China's leading expansion in wind and solar PV capacity, adding 37 GW, helped drive a global record year for renewables.

  • China added 37 GW of new renewable capacity in 2009.
  • Solar PV output grew 53%; wind power capacity rose 32%.
  • China made 40% of solar PV and 30% of wind turbines.
  • Grid-connected solar PV grew 60% annually over a decade.
  • Growth led by emerging economies: China, India, Brazil.

 

More than half of all new electricity capacity added in the United States and Europe last year was from renewable power such as wind and solar, a body backed by the International Energy Agency and the UN reported.

 

Last year was also a record year for the amount of new green power added to the grid, partly a result of shifting deployment and manufacture to emerging economies including Brazil, India and China, from flagging developed countries.

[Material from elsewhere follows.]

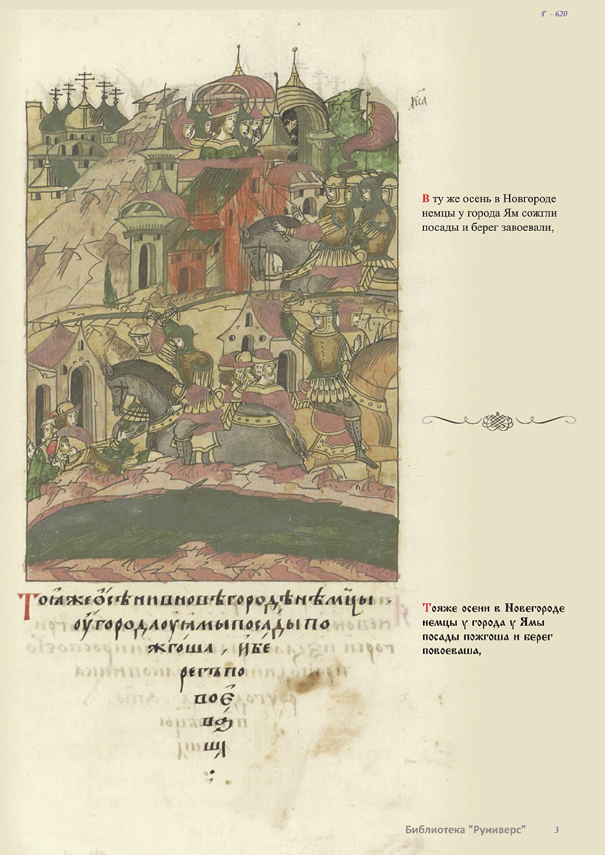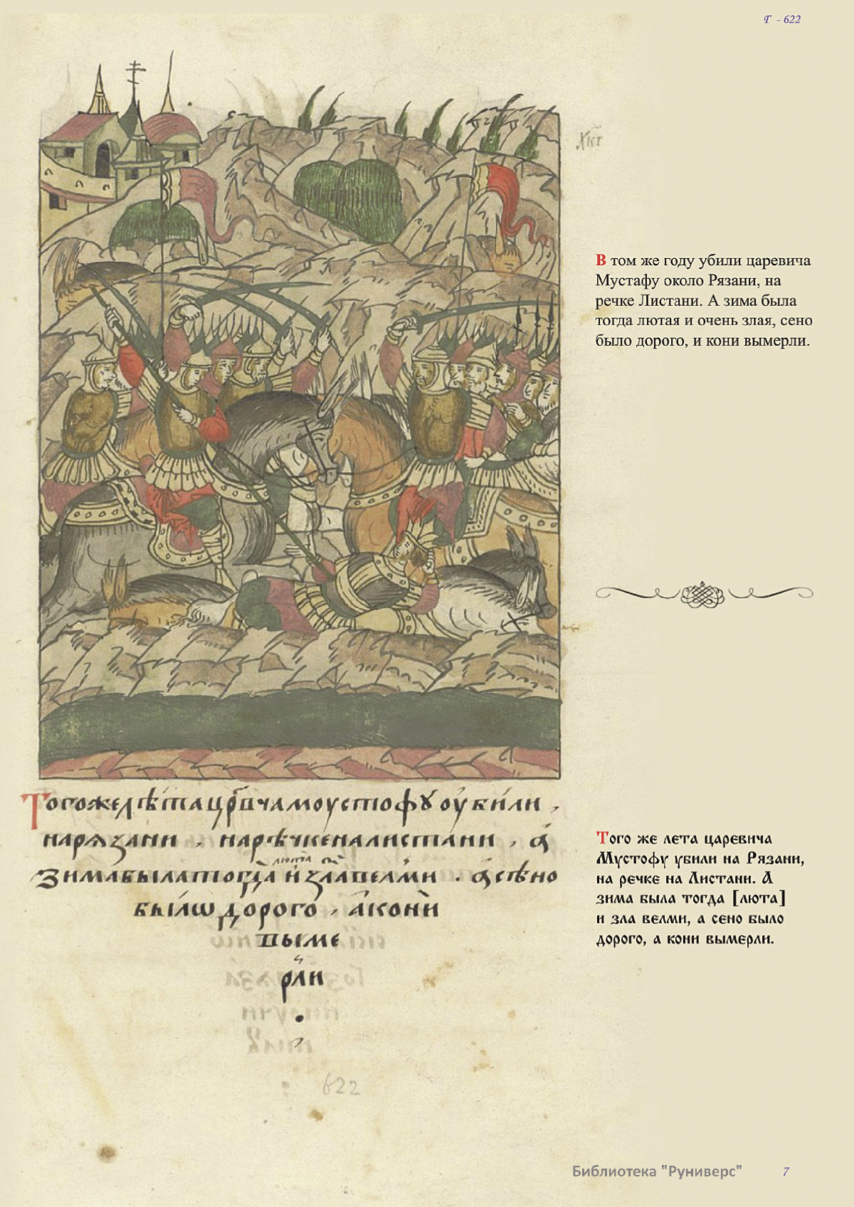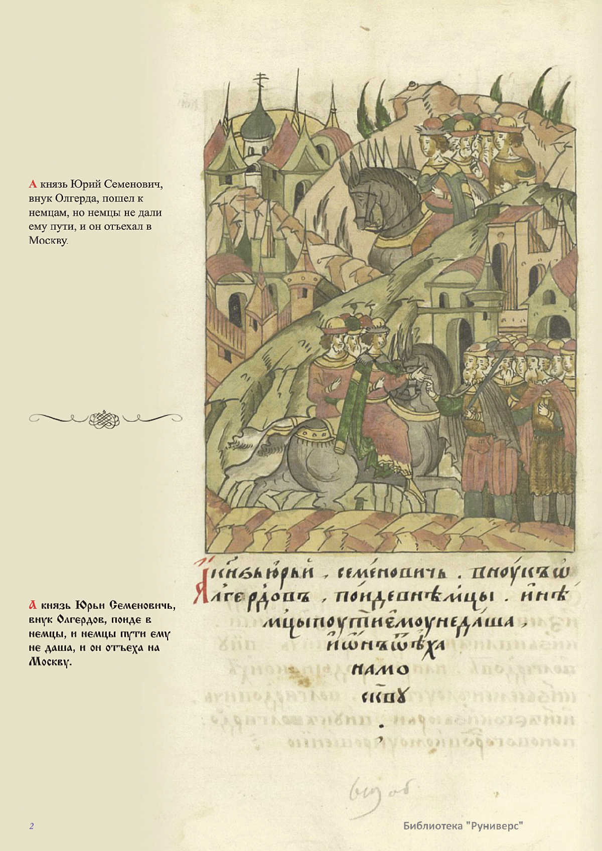Лицевой летописный свод. XVI века — монументальный памятник древнерусского книжного искусства. На 10 тысячах листов с более чем 17 тысячами красочных миниатюр — «окон в историю» — представлена самая ранняя историческая и литературная энциклопедия. Лицевой свод дошел до наших дней в 10 томах, находящихся в разных древлехранилищах: БАН к РНБ в Санкт-Петербурге и ГИМ в Москве. Фирма «АКТЕОН» совместно с хранителями впервые осуществила научное факсимильное издание «Лицевой летописный свод XVI века». Предлагаемое издание с переводом — как дополнение в рамках научного аппарата вышеназванного факсимиле - представлено тремя разделами: библейская история, всемирная история, русская летописная история. В настоящем издании листы расположены в хронологическом порядке повествования На внешнем поле размещены транслитерация и перевод на современный русский язык. Русская летописная история 1114—1567 гг. — отражена на 6010 Лицевого летописного свода XVI века в следующих его томах: Г — Голицынский том (Отдел рукописей Российский национальной библиотеки, F.IV.225), Л — Лаптевский TOM (Отдел рукописей Российской национальной библиотеки, F.IV.233), O-I — Остермановский первый том (Отдел рукописей Библиотеки Академии наук, 31. 7. 30-1), O-II — Остермановский второй той (Отдел рукописей Библиотеки Академии наук, 31, 7. 30-2), Ш — Шумиловский том (Отдел рукописей Российской национальной библиотеки, F, IY. 232), С — Синодальный том (Отдел рукописей Государственного Исторического музея. Син. № 962), Ц— Царственная книга (Отдел рукописей Государственного Историческою музея. Син. № 149). В сносках отряжены разночтения с перепей ПСРЛ — Полным собранием русских летописей - фундаментальной для изучения истории древней и средневековой Руси книжной серией (её тексты, в основном, издавались наборно, в орфографии XIX века).
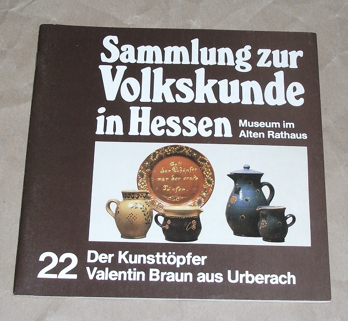 Grein, Gerd J.: Der Kunsttöpfer Valentin Braun aus Urberach. Otzberg-Lengfeld: Sammlung zur Volkskunde in Hessen, Museum im Alten Rathaus, c 1983. 20 cm. 35 S., zahlr. Ill. (z.T. farb.), 1 graph. Darst., Kt. Geheftet. Umschlagecke mit leichter Knickspur, am Rücken etw. berieben. Sonst leichte Gebrauchsspuren. Materialien zur Töpferei in Hessen ; 2 Sammlung zur Volkskunde in Hessen, Museum im Alten Rathaus ; 22.

"In 2009, China produced 40 percent of the world's solar PV supply and 30 percent of the world's wind turbines, as documented by China's solar cell output trends in industry data, up from 10 percent in 2007," REN21, or the Renewable Energy Policy Network for the 21st Century, said in a report.

REN21, launched in 2005, is supported by the International Energy Agency IEA, which advises 28 industrialized countries — and by the United Nations Environment Programme.

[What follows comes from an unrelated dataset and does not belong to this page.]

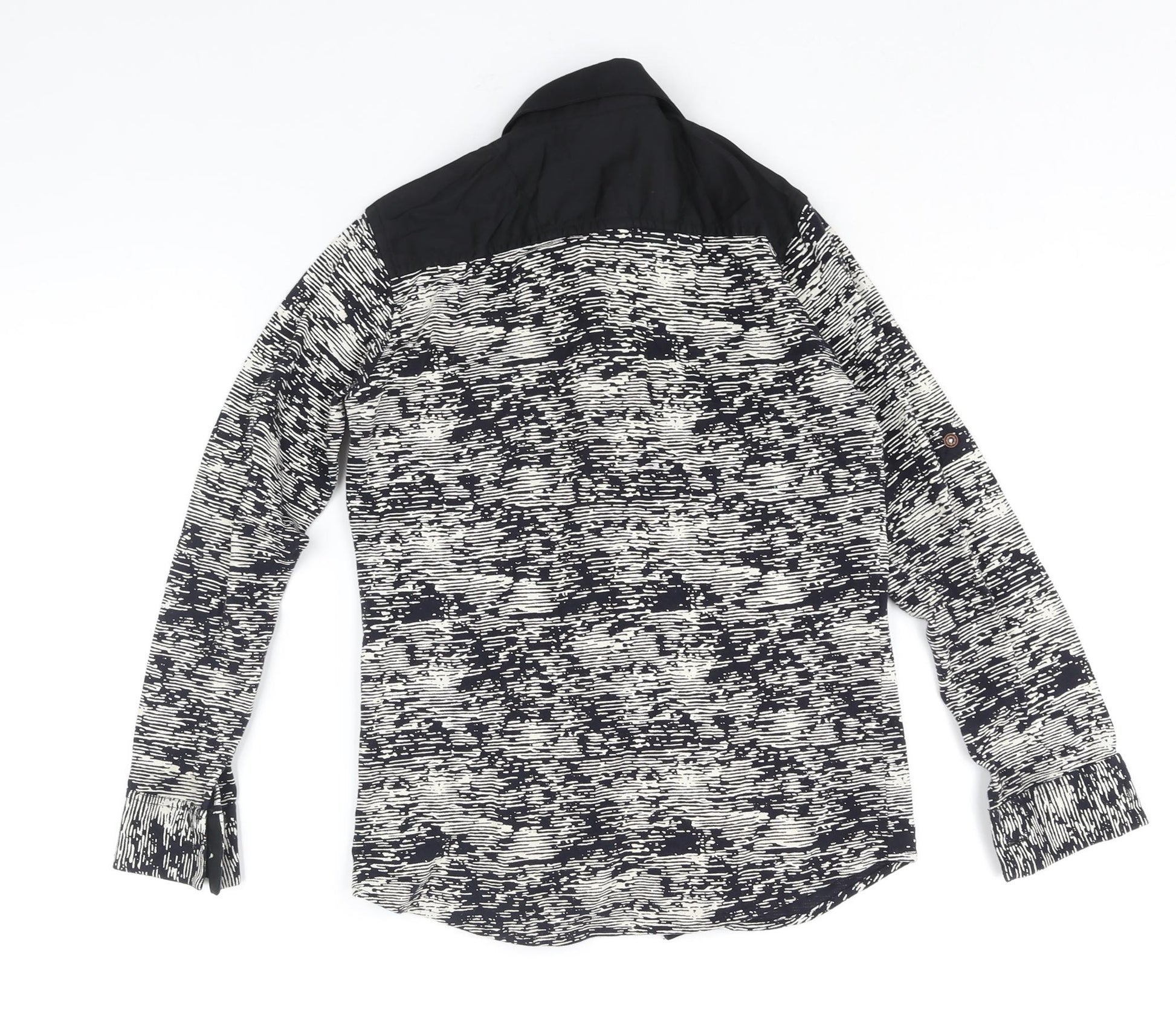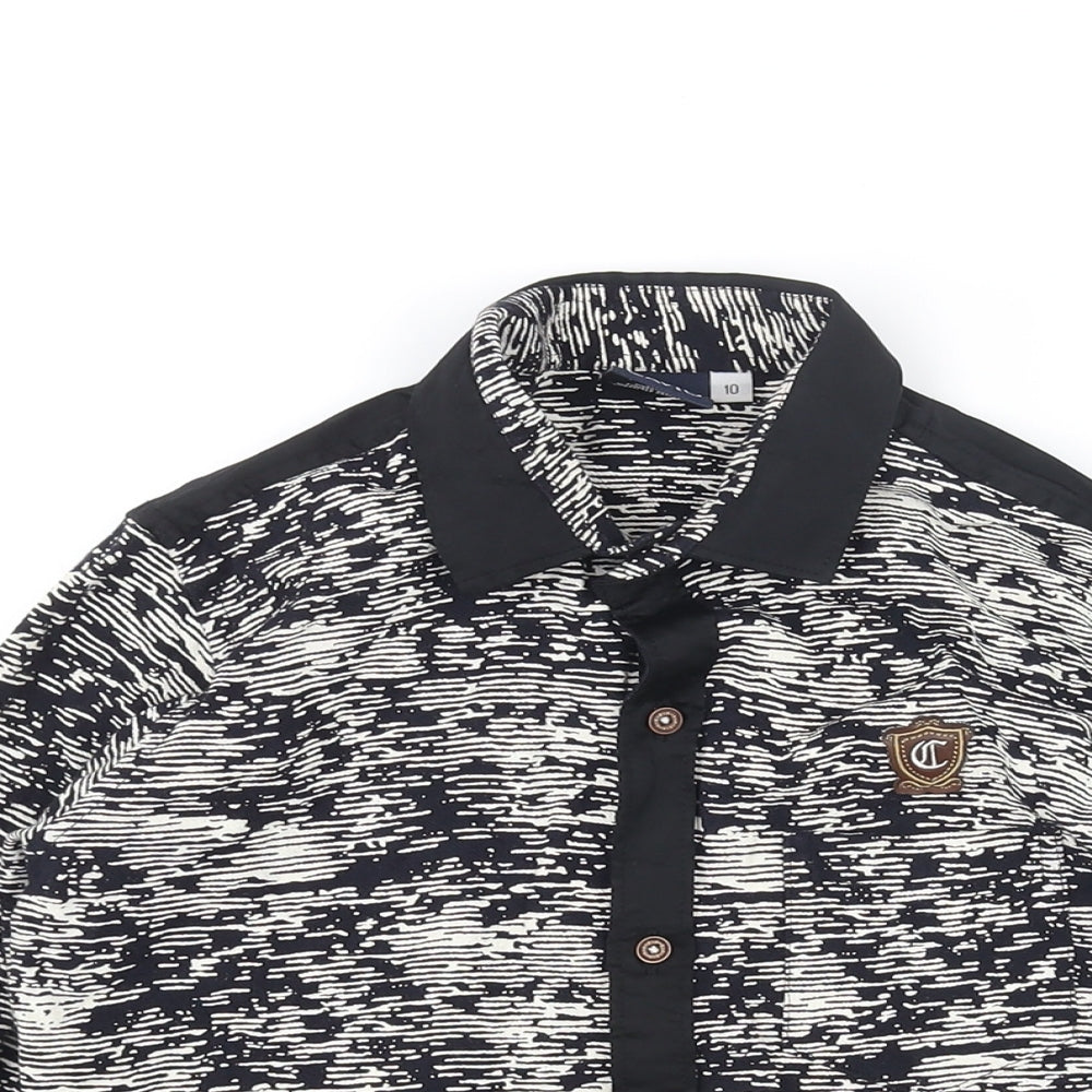 Womens Blue Geometric Polyester Basic Button-Up Size 10 Collared

Of an extra 80 gigawatts GW of new renewable power capacity added worldwide, China added 37 GW, more than any other country, said the study, titled "Renewables 2010, Global Status Report."

Despite the impact of the financial crisis and lower oil prices, renewable capacity grew at rates close to those in previous years, including solar photovoltaic PV power at 53 percent and wind power at 32 percent, the report said.

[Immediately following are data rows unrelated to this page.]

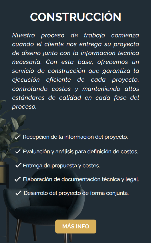 Nuestro proceso de trabajo comienza cuando el cliente nos entrega su proyecto de diseño junto con la información técnica necesaria. Con esta base, ofrecemos un servicio de construcción que garantiza la ejecución eficiente de cada proyecto, controlando costos y manteniendo altos estándares de calidad en cada fase del proceso.
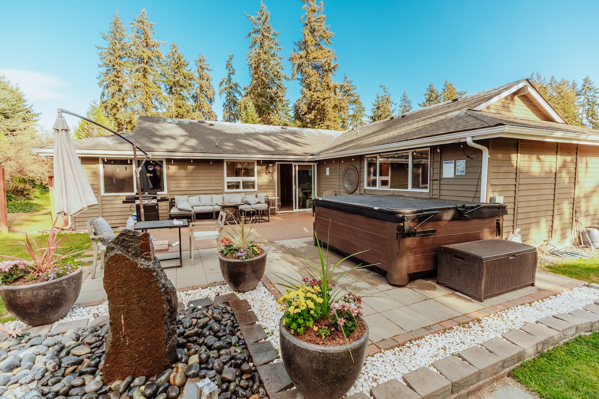 Descubre la belleza natural de la isla Vashon desde la comodidad de una acogedora y moderna cabaña. A un corto trayecto en ferry desde Seattle o Tacoma, The Wolf Den está escondida en el bosque y ofrece el refugio perfecto para parejas o personas que viajan solas en busca de una escapada reparadora. Con todos los servicios para una estancia relajante, te sentirás como en casa. Después de explorar los senderos, las playas y los lugares de interés de la isla, relájate en el jacuzzi de leña y deja que el ritmo tranquilo de la vida isleña te rejuvenezca.
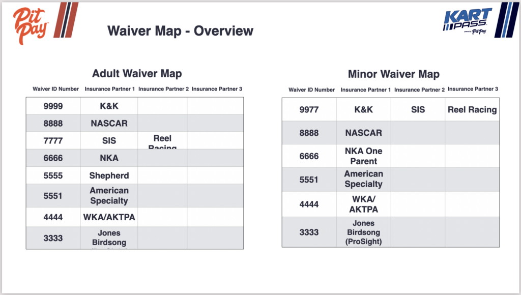 Here is an overview of the current waiver map for Pit Pay and Kart Pass:
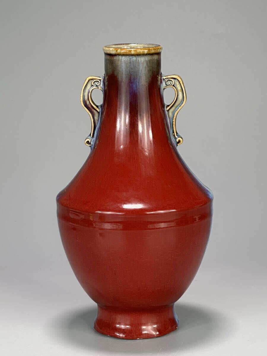 - UO03-11 中国美術 大清乾隆年製 窯変釉 如意耳賞瓶 花瓶 花器 時代 唐物

Grid-connected solar PV power had grown by an average of 60 percent every year for the past decade, with IRENA data echoing this momentum, increasing 100-fold since 2000.

That boom has been largely on the back of support in European countries, where a recent pullback following recession has raised investor jitters. But the wind and solar sectors were still poised to shatter records in 2010, operators and investors say.

While China is making great strides in renewable energy deployment, its carbon emissions also accelerated in 2009 — placing it further ahead as the world's top emitter of the main greenhouse gas blamed for climate change.